TASK STATEMENT. Within the listing below, give again exactly the lines between the one containing "The naked, masked" and the one containing "De Charm London", inclusive, pictures left aside.

RECORDS SHOWN.
════════
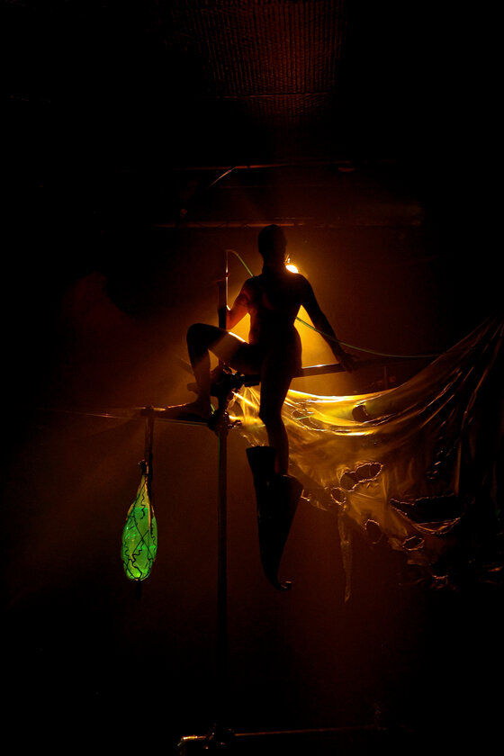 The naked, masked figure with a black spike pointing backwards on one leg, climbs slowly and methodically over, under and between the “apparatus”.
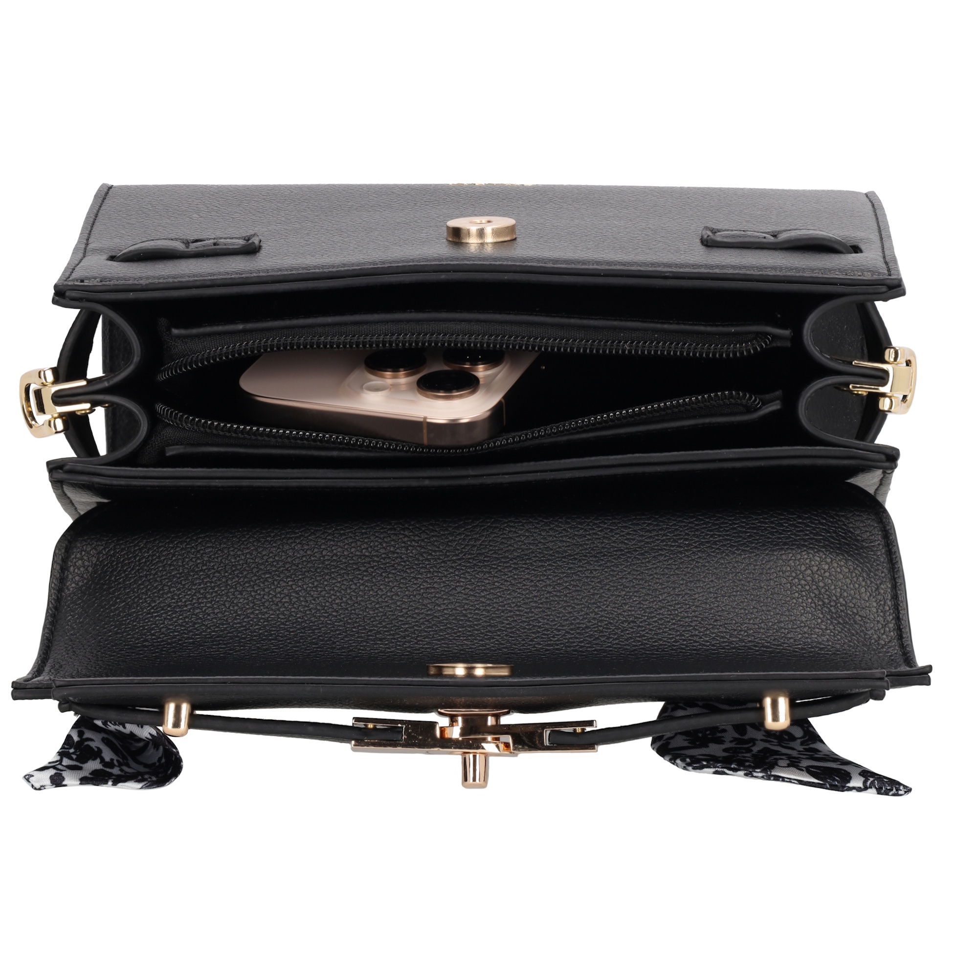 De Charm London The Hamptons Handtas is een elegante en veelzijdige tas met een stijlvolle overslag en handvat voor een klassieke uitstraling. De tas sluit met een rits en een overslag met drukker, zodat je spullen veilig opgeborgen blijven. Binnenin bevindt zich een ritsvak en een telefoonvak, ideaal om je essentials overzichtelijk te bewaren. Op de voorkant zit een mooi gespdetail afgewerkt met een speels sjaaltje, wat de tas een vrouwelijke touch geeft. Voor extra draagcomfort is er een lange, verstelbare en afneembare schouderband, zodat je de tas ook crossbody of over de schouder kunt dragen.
════════
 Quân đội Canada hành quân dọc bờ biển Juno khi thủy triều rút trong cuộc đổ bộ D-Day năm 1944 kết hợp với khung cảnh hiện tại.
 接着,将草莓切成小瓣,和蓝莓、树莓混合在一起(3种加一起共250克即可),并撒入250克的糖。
════════
OUTPUT OF THE EXERCISE.
 The naked, masked figure with a black spike pointing backwards on one leg, climbs slowly and methodically over, under and between the “apparatus”.
 De Charm London The Hamptons Handtas is een elegante en veelzijdige tas met een stijlvolle overslag en handvat voor een klassieke uitstraling. De tas sluit met een rits en een overslag met drukker, zodat je spullen veilig opgeborgen blijven. Binnenin bevindt zich een ritsvak en een telefoonvak, ideaal om je essentials overzichtelijk te bewaren. Op de voorkant zit een mooi gespdetail afgewerkt met een speels sjaaltje, wat de tas een vrouwelijke touch geeft. Voor extra draagcomfort is er een lange, verstelbare en afneembare schouderband, zodat je de tas ook crossbody of over de schouder kunt dragen.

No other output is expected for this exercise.